PREMIUM TIMES had, as part of its #PanamaPapers coverage, exposed Mr. Joshua, one of Africa’s most famous televangelists, as having link with Chillion Consultancy Limited, a shell company incorporated in BVI on June 20, 2006.

But shortly after the story ran, the pastor posted a statement on his church’s Facebook Page, denying ownership of the company and suggesting the report was fabricated to pull him down.

However details in the documents PREMIUM TIMES is now making public point directly at Mr. Joshua and his wife as owners of Chillion Consultancy.

The documents include:

Certificate of incumbency which shows the company as being in good standing at least until December 13, 2006
Register of members
Register of Directors
Case Details – Shareholders/members of the company.

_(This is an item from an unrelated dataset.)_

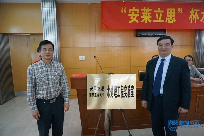 员工处郭万牛处长与安莱立思仪器科技公司唐璘总经理共同签署了合作协议书。接着,资产处蔡海彪处长与唐璘总经理共同为公司与安莱立思科技公司共建水处理实验室揭牌。随后,徐琨副总经理向理公司杨文忠书记颁发大赛启动资金十万元支票,教务处陈新民副处长向安莱立思徐坤副总经理颁发了太阳成集团校外实习基地牌匾。

The documents show that while incorporating the company, Mr. Joshua or his agent provided Mossack Fonseca with details of his valid passport at the time with which he was identified in all transactions related to him and the company.

Mr. Joshua’s passport number at the time was A3369050A, and that was reflected in the Panamanian law firm’s record.

The documents show that the pastor and his wife owned one ordinary share each, although the company, with registration number 1033675, was authorized to issue a maximum “50,000 no par value Shares of a single class”.

The document also revealed that Chillon Consultancy Limited has no physical address but uses the office address of its registered agent, Mossack Fonseca (Akara Bldg., 24 De Castro Street, Wickhams Cay 1, Road Town, Tortola) as its contact information in the British Virgin Island.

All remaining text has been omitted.